Results of the survey revealed that since the start of oil production in 2009, there has been a rapid increase in costs of living in most parts of Ghana, however, slower in the North than the rest of the country.
Out of the 3000 respondents sampled in all 10 regions of the country, 79.6 percent who answered questions on “Changes in cost of Living” believe that the cost of living has soared in the last few years. Only 14.7 percent of the respondents stated that the living costs did not change, while 5.7 percent believe that the costs even decreased.
The answers according to the regions vary compared to the national average result, the report said.
“The results from the regions with the highest population in Ghana (Greater Accra 80.6 %, Ashanti Region 83.2 %) are above the nationwide average.” This can be explained by the economic importance of these regions, the study further analyzed.
Furthermore, “the living costs in the Northern Regions have increased as well, but compared to the rest of Ghana it is evident that the results from Upper East (67.8 %) and Upper West (71.4 %) are below the national average.”
This, the report said, could be an indicator that despite the increasing cost of living in some regions, they are increasing slower in the North than in the rest of the country.

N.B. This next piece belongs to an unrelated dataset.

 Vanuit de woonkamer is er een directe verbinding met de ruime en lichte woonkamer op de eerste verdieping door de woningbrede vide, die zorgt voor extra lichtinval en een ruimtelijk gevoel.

For respondents with families, the report also noted that “an overwhelmingly 87.9 percent of respondents who have no children are complaining about higher costs of living. They even surpassed those with children.” The hypothesis was that the percentages of the respondents would increase proportionally to the increasing number of children.

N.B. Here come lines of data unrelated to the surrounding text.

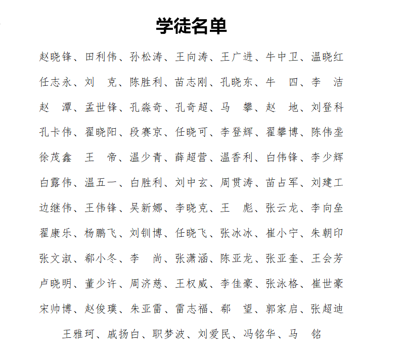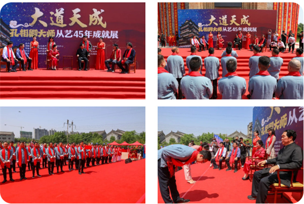 在中國工藝美術大師吳元全、仵應文、王冠軍、郭愛和的見證下,83名學徒按照傳統(tǒng)禮儀,正式拜鈞瓷燒制技藝項目國家級級非遺代表性傳承人、中國工藝美術大師孔相卿為師,依次向師父、師母行拜師禮、遞拜師貼、奉茶等環(huán)節(jié)?紫嗲浜推拮訌埾烧湎驅W生代表發(fā)放收徒貼,鼓勵所有學徒勤奮學習、愛鈞重道,團結一致,為鈞瓷燒制技藝項目的發(fā)揚光大做出貢獻。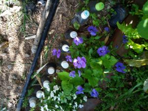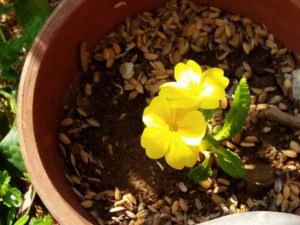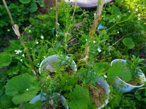 右: ここに植えたジャガイモが発芽して来ました。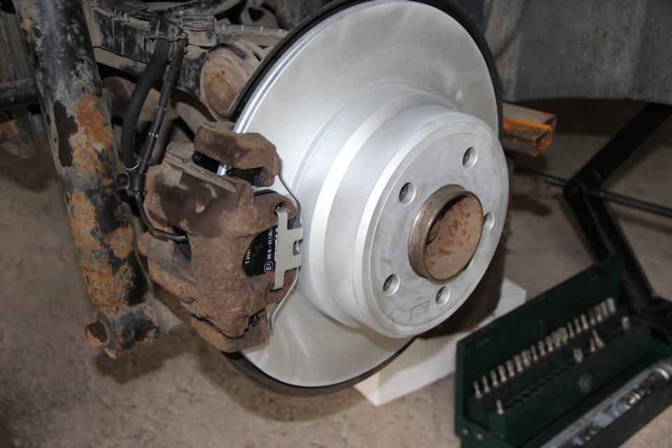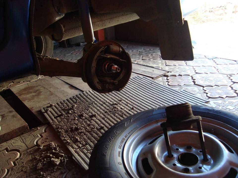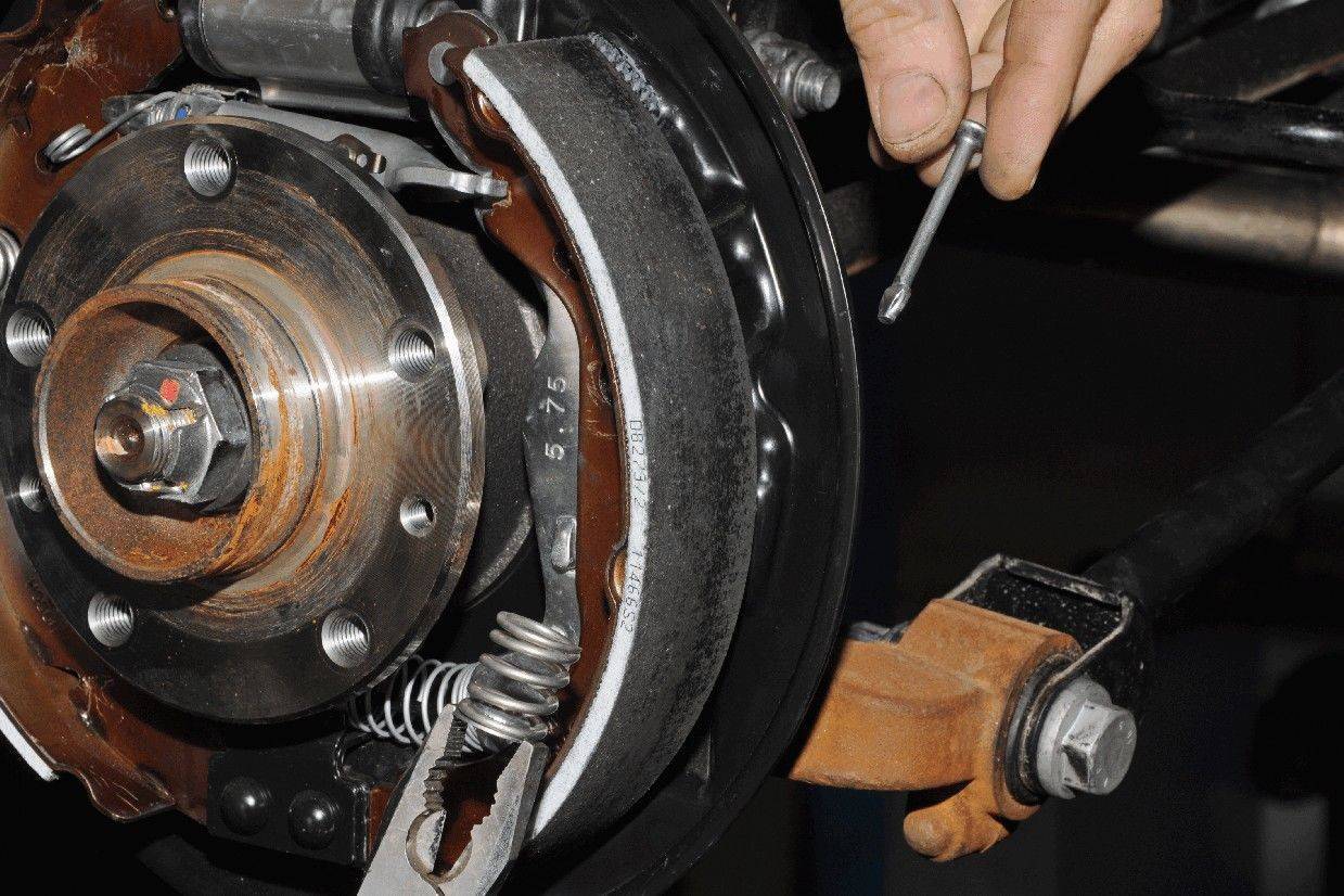 Снимите клемму отрицательного полюса аккумулятора. Снимите декоративную литую крышку диска, а затем открутите болты, которыми колесо крепится к ступице. Соедините колодки через отверстие в барабане, а затем открутите 2 фиксирующих винта. Снимите барабан, отсоедините возвратные пружины и регулятор зазора. Для удаления продуктов износа используется металлическая щетка, окисленные элементы обрабатываются жидкостью WD40. Снимите тормозные колодки, установленные на направляющих штифтах, которые можно снять через отверстия в тормозном щите

Also, 82.5 percent of the respondents working in the public sector stated that the cost of living has increased.
The study titled, “Oil Production and its Impact on the Livelihood of Communities in Ghana” was conducted by Friedrich Ebert Stiftung (Ghana Office), a political foundation that seeks to promote security, social democracy and economic development in connection with You-net.

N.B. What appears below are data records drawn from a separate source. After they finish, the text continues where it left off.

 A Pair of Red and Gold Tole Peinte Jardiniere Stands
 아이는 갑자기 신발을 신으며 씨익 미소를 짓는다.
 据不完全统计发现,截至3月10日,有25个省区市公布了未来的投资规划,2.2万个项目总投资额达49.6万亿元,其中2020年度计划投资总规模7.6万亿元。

Other results of the study are as follows: Prices have been increased drastically for areas with major economic activities, e.g. Greater Accra Region, Western Region and Ashanti Region. 79.6% of the respondents nationwide stated that their living costs increased.
All prices for the groceries, which have been stated in the survey, at least doubled over a period of four years. The average income level increased nationwide by only 67%. Having electricity at home seems to be unproblematic, but power cuts have been persistent.
Only 52.6% have tap water at home which is a disastrous result – combined with high water shortage all over the country.
Over 70% of the respondents are contributing to NHIS, but only 50% are contributing to some sort of a pension system. Predictions for the future include that Ghana could have a problem with old-age poverty or that the financial pressure is higher for families which are taking care of the elders.
Almost 60% of the respondents would move to the coastal areas to find a job. Interestingly, the older the respondents get (50 and above) the more willing they are to move to the South.
Accra, Takoradi and Tema are the most popular cities people would move to.
Asking for the improvement of roads, the majority of respondents in the Ashanti Region indicated that their roads got worse, while the roads in Eastern Region, Western Region and Upper East are unchanged. The roads in all other regions have been improved or greatly improved.
Electricity and water supply has worsened especially in the regions with most economic activities, namely Ashanti Region, Greater Accra and Western Region.
63.6% of the respondents nationwide stated the policies on oil and gas production did not influence their voting decision in the last election 2012.
Almost half of the respondents nationwide believe that the incomes and revenues from the oil production are not spent wisely by the government.
67.1% of all respondents are of the opinion that the politicians will not help the population to have a better life. 68.7 % of the respondents nationwide stated that the revenues from the oil and gas production are not shared and distributed equally among all Ghanaians.
51.6% of the respondents are expecting further price increments due to the oil production.